Many businesses including smaller firms in those countries the department visited, believed the system played a valuable role in reducing recruitment costs, she said.
However Mabaso admitted that a Swedish colleague had advised her department against fining employers that neglected to report vacancies, pointing out that Swedish courts were clogged up with cases taken up by employers seeking to challenge the fines.
Shaun Snyman, a director of labour law advisors Labournet, questioned how an employer would be able to determine exactly when a vacancy came about and when they would have to report it, adding that the idea to report vacancies was a “big fat waste of time and resources”.
“You cannot compel a process of recruitment through that process. The whole thing just creates distrust,” he said, adding that the department under-estimated the complex nature of recruitment.

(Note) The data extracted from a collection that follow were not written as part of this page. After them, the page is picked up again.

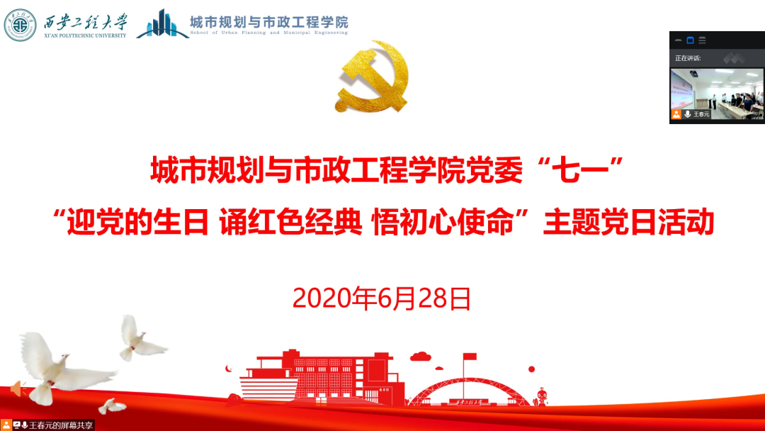 党日活动最后,杨友谊讲话并要求,中国共产党走过了99周年的光辉历程,留下了宝贵的精神财富,希望学院全体党员认真领悟、学习,一是在99周年组织活动中坚守共产党人的初心使命,将初心使命体现到个人的言行举止和身体力行上来;二是认真践行“厚德弘毅博学笃行”的校训,团结奉献,传承创新,要牢记立德树人根本任务,干事业、育新人,学生党员要牢记党的初心使命,争先锋、做新人;三是通过学习与实践,提升党性、成长成才、担当履职,为打赢防疫总体战和学校事业发展贡献力量。
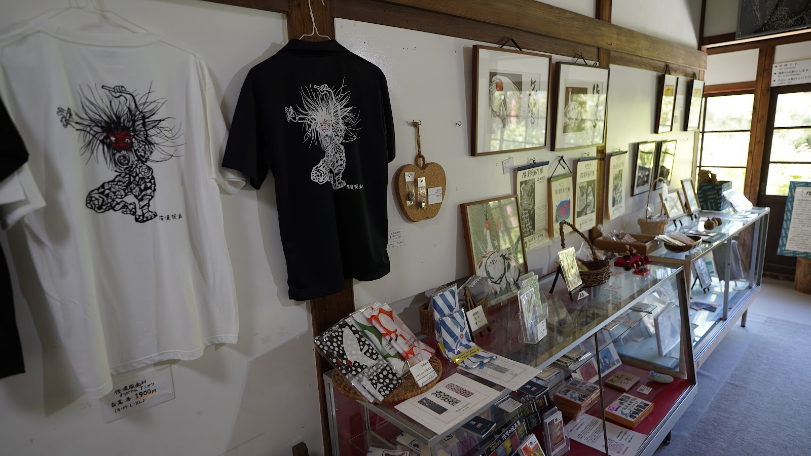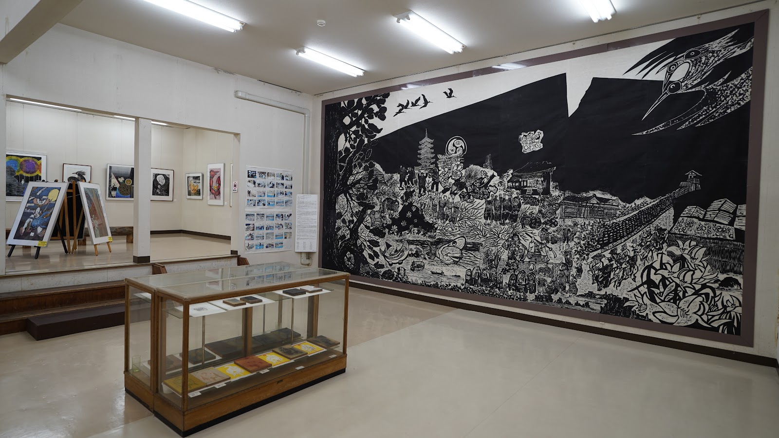 平成12年度から開催されている「全国高等学校版画選手権大会(はんが甲子園)」の作品も多数展示。事前予約で実際に版画を体験できる教室のほか、お土産コーナーには、カレンダー、Tシャツなど版画を使用したさまざまなグッズが並んでいます。
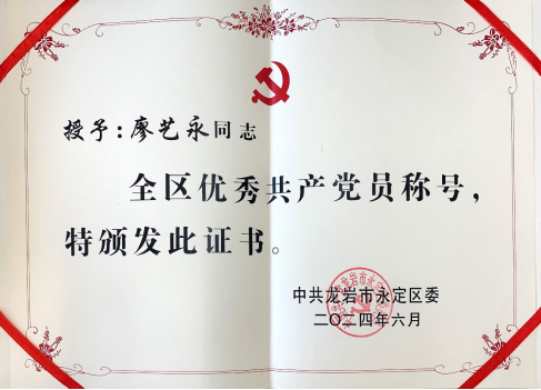 喜訊!龍巖卷煙廠永定分廠黨員廖藝永同志榮獲“全區(qū)優(yōu)秀共產(chǎn)黨員”稱號(hào)

“If a Department of Labour CV landed on their desk they would say ‘oh not another one’ and then they are going to toss it into the dustbin,” he said.
He believed that the department should rather look to improve the management of its existing employment services database and pointed out that if it was well managed and remained free of charge many employers would opt to make use of it rather than spend thousands of rands using recruitment agencies.
Snyman also pointed out that the clauses contained in the Labour Relations Amendment Bill that propose that all work be fulltime unless employers can prove otherwise, would only lead to unemployment.
Employers looking for someone to stand in for an employee on sick leave or maternity leave would think twice about hiring someone if there was a chance that when the other employee returned, that the new employee would demand that their job was permanent – especially if it meant having to go to the CCMA or Labour Court to argue their case.
Added to this Snyman said the proposal to make it mandatory that all CCMA cases be held as joint conciliation and arbitration (or con-arb) sessions, rather than separate ones, would see systems at the CCMA collapse.
He believed not having a separate initial conciliation step would encourage employers to steer away from settling early and to rather fight for all they are worth, forcing cases to drag on for longer.